The hyperreals are "real-closed," which means that any first-order statement that is true of the reals is true of the hyperreals. However, they also satisfy a "transfer principle," and it seems the existence of this "transfer principle" is strictly stronger than a field being real-closed.
In particular, the hyperreals have the property that for any function $f: \Bbb R \to \Bbb R$, there is an extension $^*f: ^*\Bbb R \to ^*\Bbb R$ which satisfies all of the same first-order properties that $f$ does, which would seem to be stronger than just saying that the entire collection of hyperreals satisfies those first-order predicates about the reals.
My questions:
- Is this the correct idea, that this "extensibility" of real functions to nonstandard functions is strictly stronger than just being real-closed?
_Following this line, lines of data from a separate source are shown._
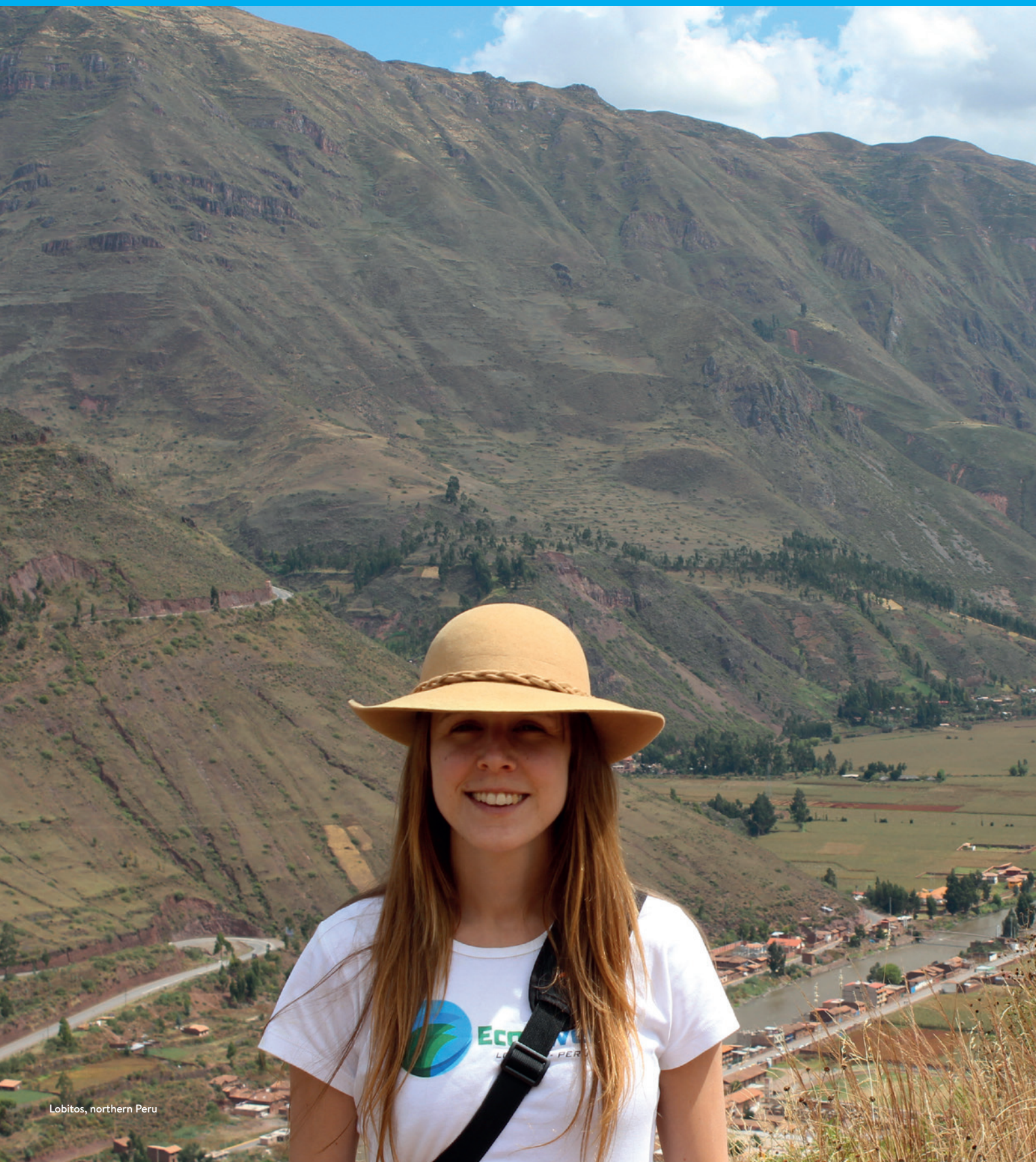
Lobitos, northern Peru
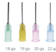
18 ga 19 ga 20 ga 22 ga

Designed for: luting materials and air/water delivery. Use with: TriAway Adapter, PermaFlo™ DC (20 ga), and other Ultradent syringes.
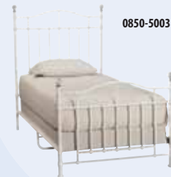
0850-5003 Twin Metal Bed 40W 80D 54H *Includes Headboard, Footboard and Rails.
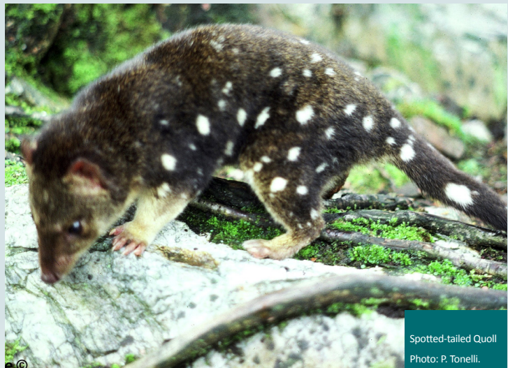
Spotted-tailed Quoll

This species is under threat from loss of habitat, persecution, roadkill and competition from other predators such as cats, dogs and foxes should they become fully established.
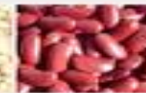
Red Kidney Beans (Rajma)
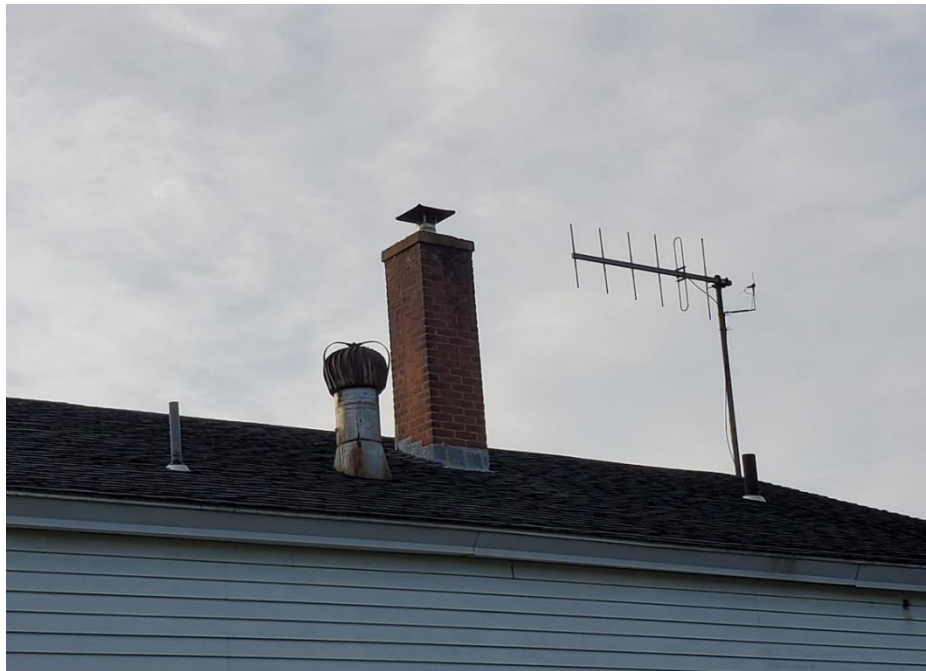
Photo 6: UB roof penetrations – chimney, plumbing vents, turbine vent
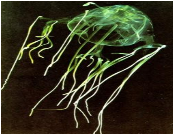
Box Jellyfish A Glimpse of Eternity

As it floated away, I watched it, intrigued, as it was a very odd-looking jellyfish. It had what appeared to be a squid's bell-shaped head, but its back was box-shaped and it had very unusual, transparent, finger-like tentacles stretching way out behind it. I'd never seen that type of jellyfish before, but I turned away from it and continued with my crayfish search.
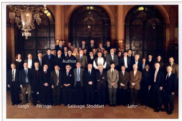
Fig. 4 Participants of the 21 st Solvay Conference on Chemistry "From Noncovalent Assemblies to Molecular Machines", Brussels, Hotel Métropole, 30 November 2007.
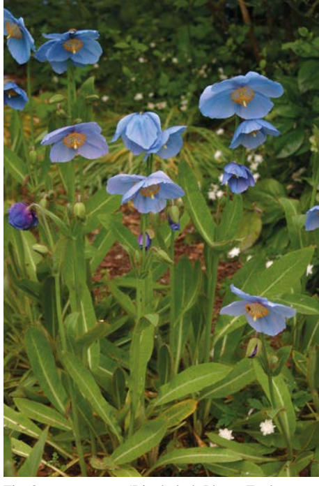
Fig. 2 Meconopsis 'Lingholm'.

In stark contrast to the inordinately long timescale of natural selection, the evolution of new species through polyploidy can be virtually instant, or take a very short time, although in some instances it may take some years, an example being the evolution of the hexaploid Meconopsis 'Lingholm' due to a time gap (see Figs 1, 2 & 3). Polyploids are also subjected to natural selection, like any other organism, so the two evolutionary processes can act together.
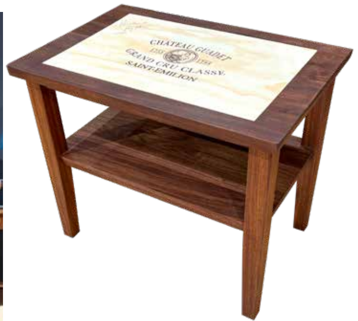
Karen Sheldon – Side Table w/Wine Box Top Inlay Walnut
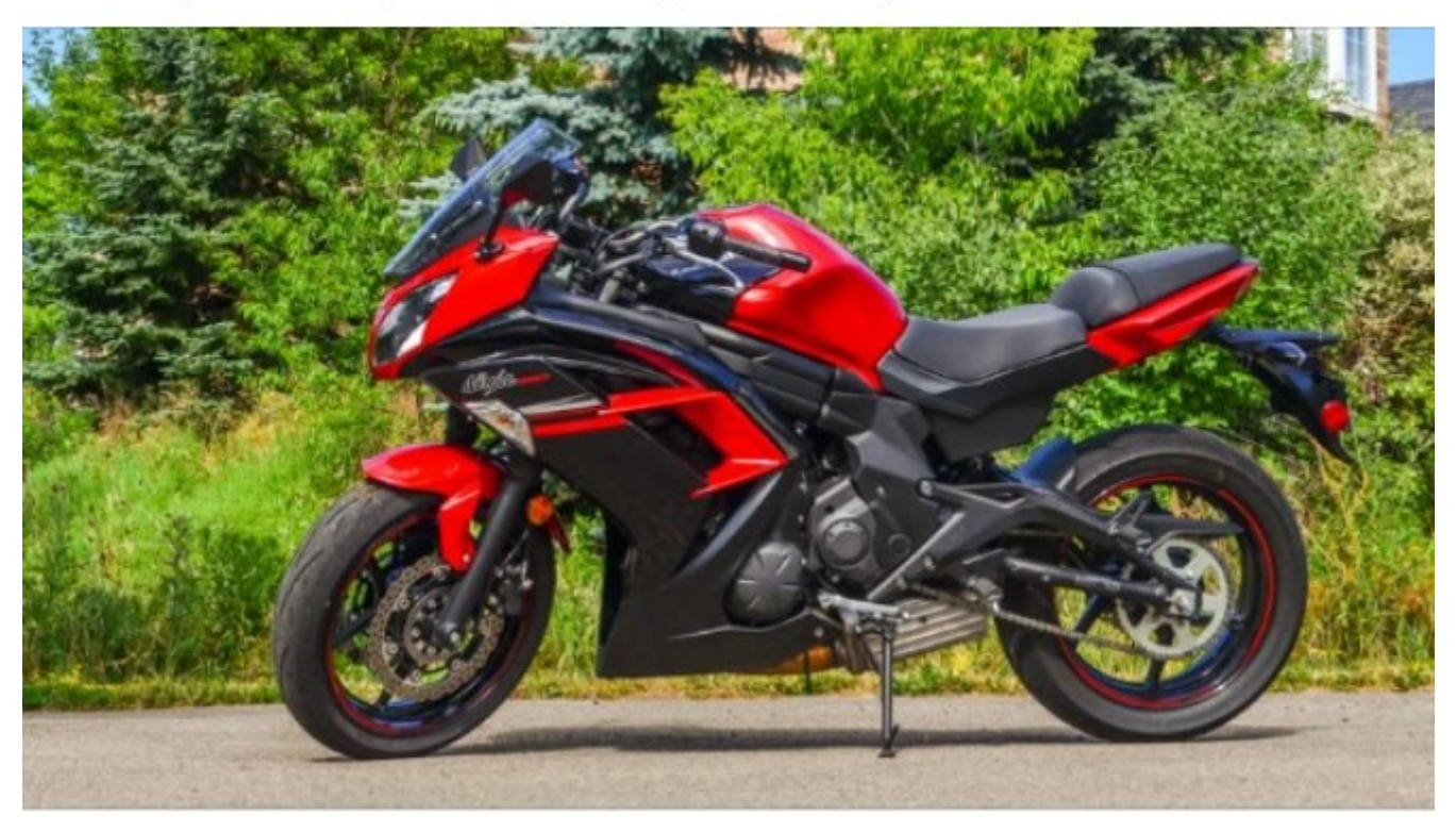
This is the GPZ400 the Ninja 650 will be replacing.

The development of the gear for lure coursing is never ending.

- Is there some way to explain what, in model theoretic terms, the transfer principle actually is? That is, it isn't just that the hyperreals are a nonstandard model of the first-order theory of the reals, but that the functions from $^*\Bbb R \to ^*\Bbb R$ is a model of the first-order theory of the functions from $\Bbb R \to \Bbb R$, or something like that?
- There are real-closed fields which are a strict subset of the reals, such as the real algebraic numbers. Are there fields, which satisfy this stronger property, which are also a strict subset of the reals? In general, what is the smallest field which satisfies this stronger property?